Ее вибриссы дрогнут. Она обязательно что-то почует.
Оказывается, меня все больше и больше интересует проблема субъективности, ограниченности взгляда антрополога, а не традиции и обычаи киона. Возможно, любая наука – это всего лишь исследование себя.
Почему бы здесь просто не упомянуть о них?
У меня побывали гости, тоже антропологи, семейная пара, они находятся в этом же регионе, о чем я не подозревал, почти так же долго, как и я. Он из Квинсленда, здоровенный рослый детина, мы встречались в Сиднее, а она американка, довольно известная исследовательница, но чахлое миниатюрное создание с личиком Дарвина-женщины.
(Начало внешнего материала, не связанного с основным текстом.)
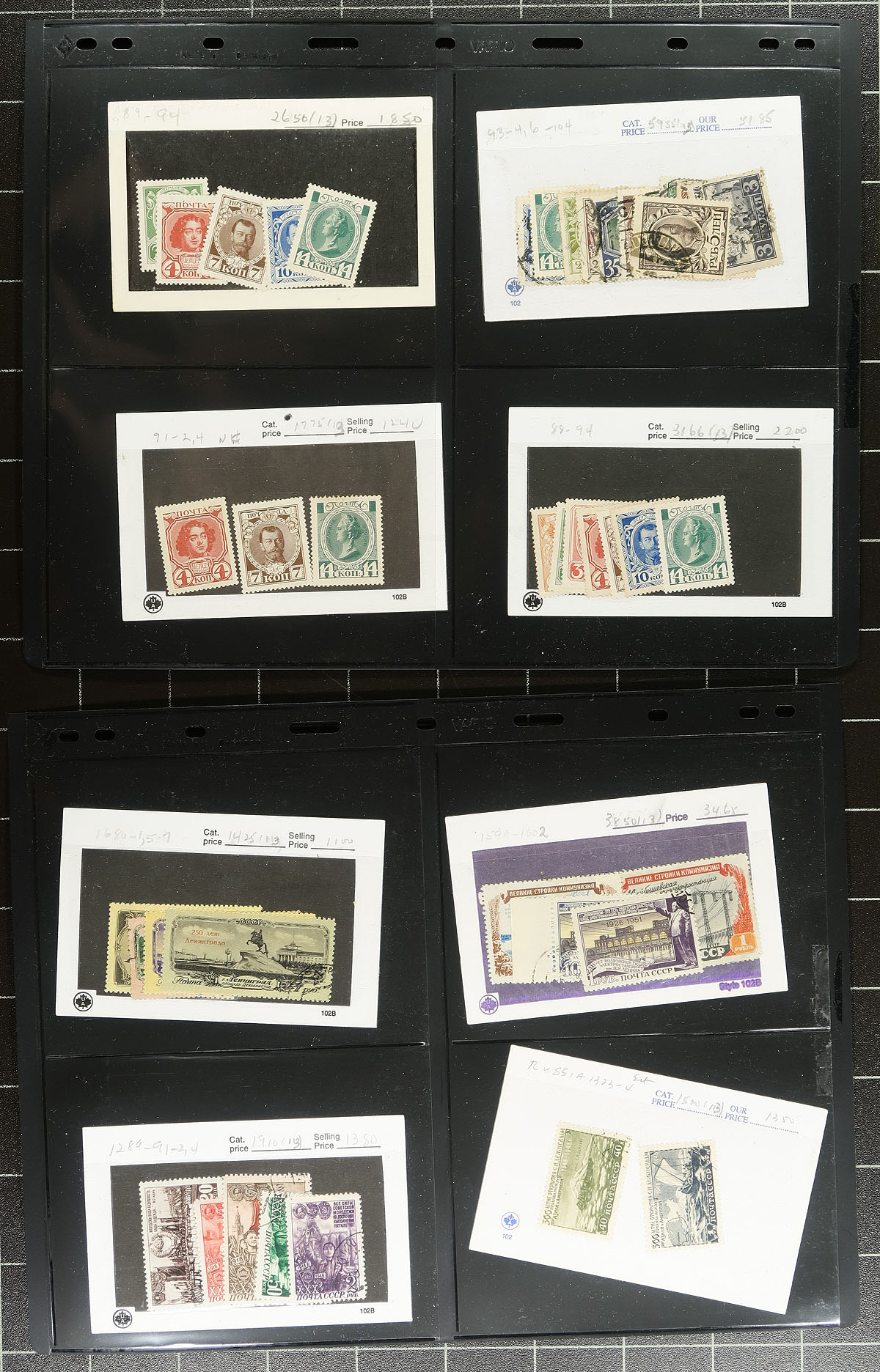 Interesting and eclectic assembly of "102" cards, arranged on pages including mint, used, sets, singles from the early 1900's to 1980's. Some minor duplication, but a very useful lot for either the collector or dealer looking to bolster their holdings. Owner's catalogue value (unknown year is over US$1500.00! In need of a bit of organization, but carefully examine the pictures to appreciate the quality of the holding. Estimate =

Ну вот. Это же не сильно встревожит ее, верно? Сильно, конечно. Непременно встревожит. Я вцепился в верхний край листа, резко дернул, разодрав пополам. Да пропади она пропадом. Вытянул вторую половину, скомкал оба листка и швырнул новый мячик мальчишкам, которые издали очередной ликующий вопль. Прямое нарушение пунктов 2 и 3. После нескольких предложений мое письмо к матери превратилось в письмо к Нелл. Я постоянно мысленно разговаривал с ней, и эта беззвучная беседа смущала, бередила душу и пробуждала, как, бывает, человек просыпается посреди ночи от внезапной хвори.
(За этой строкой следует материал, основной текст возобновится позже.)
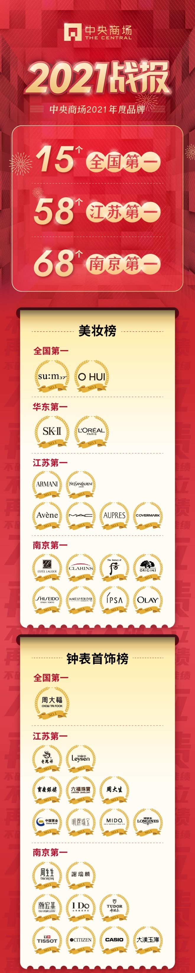 中央商場新街口店2021年戰(zhàn)報:15個全國第一

Уезжая от них, я сунул в сумку ее книжку. И, едва вернувшись, прочел, залпом. А на следующий день перечитал. Это была самая неакадемическая монография из виденных мною, длинные описания и глобальные выводы с минимумом методического анализа. Хэддон в недавнем письме поднял на смех успех “Детей киракира” в Америке и пошутил, что нам всем нужно брать с собой в экспедиции писательницу-романистку. И все же она писала с той страстностью, которую большинство из нас ощущали, но не решались обнажить, поскольку были чересчур привержены старым научным традициям. Меня всю жизнь учили, что для настоящей академической монографии нужно работать кропотливо и настойчиво, не разгибая спины, роя носом землю, но вот появилась Нелл Стоун c высоко поднятой головой, которой она вертела во все стороны. Это раздражало, и вдохновляло, и пьянило, и мне нужно было обязательно еще встретиться с ней.
Несколько раз я уже пускался в путь, но через час поворачивал назад, уговаривая себя, что пока слишком рано, что на озере Там меня не ждут, что гости им сейчас совсем некстати. Я буду назойливым занудой, вваливающимся к ним в то время, когда они пытаются уложить в семь месяцев работу, требующую целого года. Живи они поближе, я мог бы заскочить ненадолго, предлог-то всегда найдется. Фен говорил, что не прочь взять меня с собой на охоту, но если бы он говорил серьезно, то уже прислал бы весточку.
Я предполагал, что Фен не обладал настойчивостью Нелл, но у него острый ум, талант к языкам и пытливый, тонкий, почти художественный взгляд на многие вещи. Он обратил внимание на то, как киона переворачивают на берегу свои каноэ, укладывая рыболовные снасти с одной стороны. Как скамьи перед алтарем в деревенской церкви, заметил он, и теперь я не могу отделаться от этого образа.
Кажется, я полюбил их, полюбил обоих, как может полюбить ребенок. Я тосковал по ним, как они никогда не будут тосковать по мне. Они были друг у друга. Они не знали, что такое проторчать двадцать пять месяцев в одиночестве в этой лачуге. Нелл провела на Соломоновых островах полтора года, но она жила в доме губернатора и его жены и могла общаться с их друзьями и гостями. Фен в одиночку работал у добу, но он ведь упоминал, что в середине экспедиции ездил в Кернс на свадьбу к брату, да? Его дом находился всего в тысяче миль.
Мальчишки на улице теперь забавлялись с луком и стрелами, выбрав в качестве мишени плоды папайи. У одного из них лопнула тетива, он сбегал в заросли, притащил стебель бамбука и, пользуясь только руками и зубами, отодрал тонкую полоску, привязал к луку и вернулся к игре.
Нелл и Фен развеяли мои мысли о самоубийстве. Но с чем я остался? Неистовое влечение, безудержный прилив чувства, в котором я не видел смысла, стремление, которому, казалось, нет названия, кроме “хочу”. Я хочу. Непереходный глагол. Дополнения нет. Нечто, противоположное желанию умереть. Но столь же невыносимое.